━━━ Supplied records
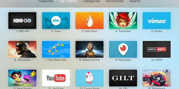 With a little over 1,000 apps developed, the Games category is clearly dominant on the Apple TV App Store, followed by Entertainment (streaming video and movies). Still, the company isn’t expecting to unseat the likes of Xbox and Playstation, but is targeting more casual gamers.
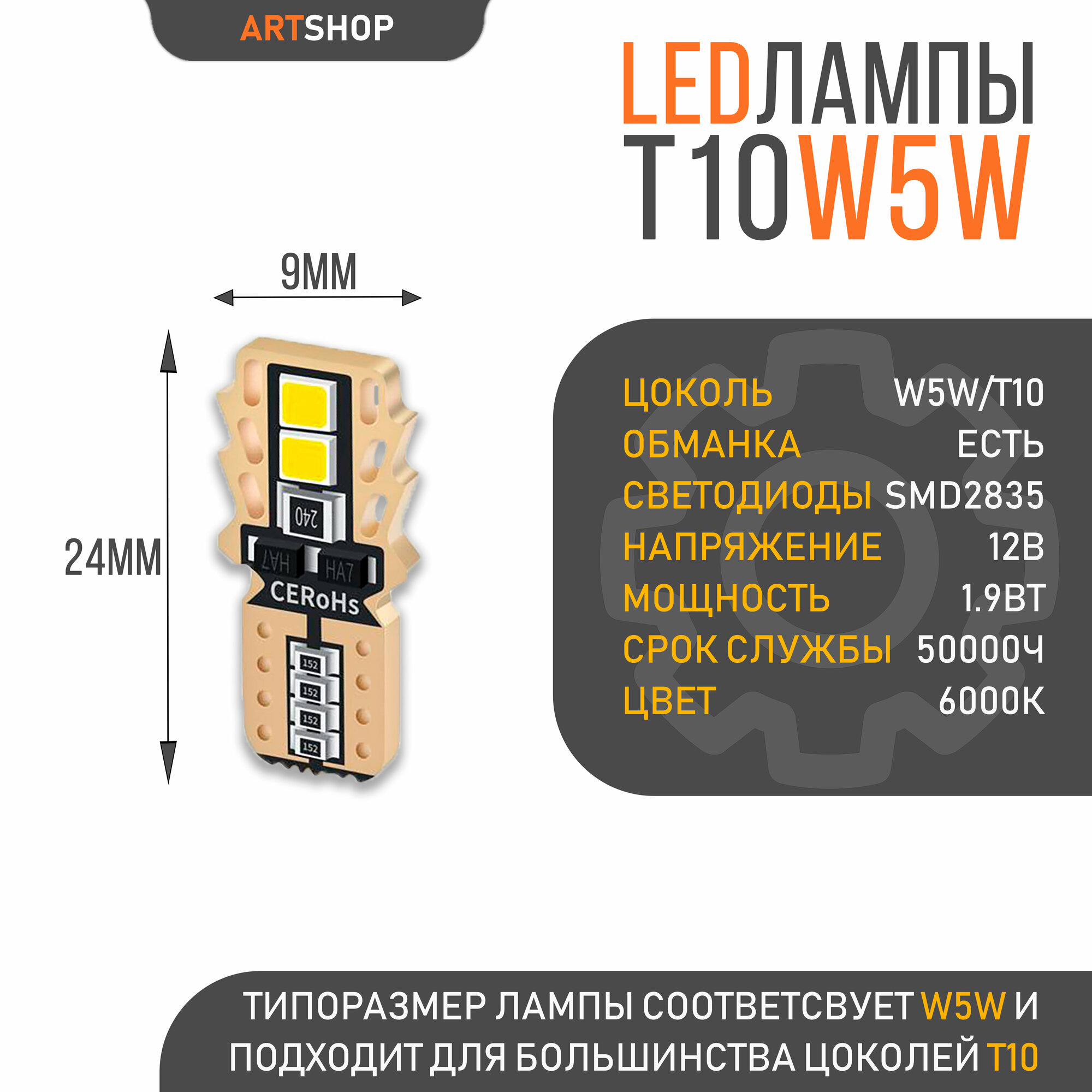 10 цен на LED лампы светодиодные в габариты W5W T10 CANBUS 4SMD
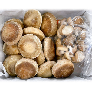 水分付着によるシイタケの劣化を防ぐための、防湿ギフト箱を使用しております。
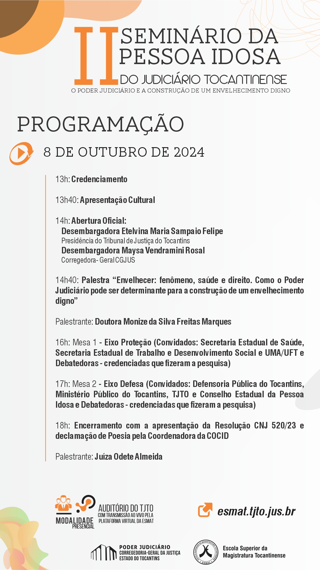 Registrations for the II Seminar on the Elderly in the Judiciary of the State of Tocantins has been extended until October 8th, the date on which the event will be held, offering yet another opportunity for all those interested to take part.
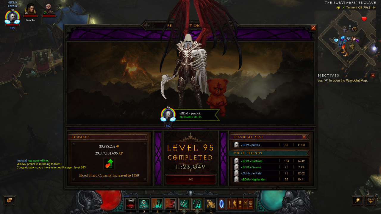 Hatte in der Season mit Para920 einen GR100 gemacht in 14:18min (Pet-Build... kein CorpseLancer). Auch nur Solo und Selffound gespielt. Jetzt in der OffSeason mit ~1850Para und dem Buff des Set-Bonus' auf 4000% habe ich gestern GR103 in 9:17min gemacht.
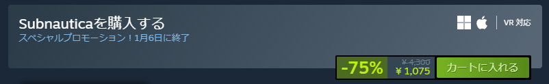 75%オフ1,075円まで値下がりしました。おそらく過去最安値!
━━━━━━
What you need to do:
Your reply should hold only the lines running from the one with "10 цен на LED" to the end of the data above, set down exactly, pictures omitted.

Solution to this exercise:
 10 цен на LED лампы светодиодные в габариты W5W T10 CANBUS 4SMD
 水分付着によるシイタケの劣化を防ぐための、防湿ギフト箱を使用しております。
 Registrations for the II Seminar on the Elderly in the Judiciary of the State of Tocantins has been extended until October 8th, the date on which the event will be held, offering yet another opportunity for all those interested to take part.
 Hatte in der Season mit Para920 einen GR100 gemacht in 14:18min (Pet-Build... kein CorpseLancer). Auch nur Solo und Selffound gespielt. Jetzt in der OffSeason mit ~1850Para und dem Buff des Set-Bonus' auf 4000% habe ich gestern GR103 in 9:17min gemacht.
 75%オフ1,075円まで値下がりしました。おそらく過去最安値!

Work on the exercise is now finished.